Les traitements possibles

  • Traiter les troubles urinaires

    Si la personne dont vous vous occupez a reçu un diagnostic et connaît la cause de ses troubles urinaires, vous serez en mesure d’évoquer les traitements possibles avec son médecin ou son conseiller en continence. Il vous expliquera l’origine du problème et la manière dont les différents traitements peuvent y remédier. Il vous parlera également des effets secondaires éventuels et vous déciderez alors, ensemble, du traitement le plus approprié.
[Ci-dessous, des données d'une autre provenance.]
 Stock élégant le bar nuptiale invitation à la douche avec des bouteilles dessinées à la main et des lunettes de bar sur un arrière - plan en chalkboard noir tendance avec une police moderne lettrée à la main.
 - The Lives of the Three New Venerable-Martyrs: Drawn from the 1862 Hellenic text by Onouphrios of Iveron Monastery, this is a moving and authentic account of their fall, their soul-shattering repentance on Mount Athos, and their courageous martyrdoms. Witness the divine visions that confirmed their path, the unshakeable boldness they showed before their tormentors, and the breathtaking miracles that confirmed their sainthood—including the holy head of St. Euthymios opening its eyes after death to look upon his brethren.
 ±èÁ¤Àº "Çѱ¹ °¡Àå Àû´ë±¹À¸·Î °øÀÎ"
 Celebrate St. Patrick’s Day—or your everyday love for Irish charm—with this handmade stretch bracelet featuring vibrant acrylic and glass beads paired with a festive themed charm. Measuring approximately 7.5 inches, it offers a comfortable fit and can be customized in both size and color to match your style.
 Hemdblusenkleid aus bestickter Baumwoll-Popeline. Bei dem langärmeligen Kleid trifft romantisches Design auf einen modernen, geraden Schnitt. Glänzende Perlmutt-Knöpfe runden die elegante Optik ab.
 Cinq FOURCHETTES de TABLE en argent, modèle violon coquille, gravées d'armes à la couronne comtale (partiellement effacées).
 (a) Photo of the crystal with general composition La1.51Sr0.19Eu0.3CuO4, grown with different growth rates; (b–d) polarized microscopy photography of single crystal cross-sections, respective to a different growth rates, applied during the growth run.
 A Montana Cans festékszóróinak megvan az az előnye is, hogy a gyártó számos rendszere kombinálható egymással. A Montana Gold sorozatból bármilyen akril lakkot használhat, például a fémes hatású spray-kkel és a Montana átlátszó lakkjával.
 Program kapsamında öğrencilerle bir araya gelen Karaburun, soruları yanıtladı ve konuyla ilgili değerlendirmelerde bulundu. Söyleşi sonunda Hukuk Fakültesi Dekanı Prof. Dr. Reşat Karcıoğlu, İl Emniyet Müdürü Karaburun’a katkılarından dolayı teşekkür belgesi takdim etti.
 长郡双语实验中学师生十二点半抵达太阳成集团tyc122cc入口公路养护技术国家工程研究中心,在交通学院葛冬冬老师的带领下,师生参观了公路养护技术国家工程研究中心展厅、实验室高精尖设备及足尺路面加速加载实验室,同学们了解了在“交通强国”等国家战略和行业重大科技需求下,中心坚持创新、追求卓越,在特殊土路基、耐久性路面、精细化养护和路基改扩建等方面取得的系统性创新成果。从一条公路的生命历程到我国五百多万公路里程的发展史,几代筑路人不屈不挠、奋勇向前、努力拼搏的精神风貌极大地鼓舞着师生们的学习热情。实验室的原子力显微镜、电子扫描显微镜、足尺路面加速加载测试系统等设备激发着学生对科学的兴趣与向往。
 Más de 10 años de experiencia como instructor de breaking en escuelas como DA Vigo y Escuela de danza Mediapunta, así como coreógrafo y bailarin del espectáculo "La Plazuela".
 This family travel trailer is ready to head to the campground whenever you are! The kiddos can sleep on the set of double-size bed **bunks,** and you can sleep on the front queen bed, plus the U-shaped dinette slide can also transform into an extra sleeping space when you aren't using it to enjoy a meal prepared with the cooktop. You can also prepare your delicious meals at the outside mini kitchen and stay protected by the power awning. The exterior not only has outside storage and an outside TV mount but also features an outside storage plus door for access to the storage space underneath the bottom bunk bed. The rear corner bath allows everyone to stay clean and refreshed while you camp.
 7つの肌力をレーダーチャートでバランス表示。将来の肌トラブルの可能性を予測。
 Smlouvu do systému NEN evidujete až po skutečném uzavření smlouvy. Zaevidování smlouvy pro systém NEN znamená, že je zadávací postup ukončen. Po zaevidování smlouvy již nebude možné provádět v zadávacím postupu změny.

    Une fois le diagnostic posé, votre proche se verra très certainement d’abord proposer des traitements « conservateurs », parfois en combinaison avec des médicaments en fonction de ses symptômes et antécédents médicaux. L’intervention chirurgicale est une solution de dernier recours, qui ne sera normalement envisagée que si d’autres traitements ont été essayés pendant un certain temps sans donner de résultat probant.

    Veuillez noter que les informations relatives aux traitements contenues sur ce site sont fournies à titre purement indicatif. Consultez toujours un médecin ou un professionnel de santé afin d’évaluer quels sont les traitements les plus adaptés à votre proche.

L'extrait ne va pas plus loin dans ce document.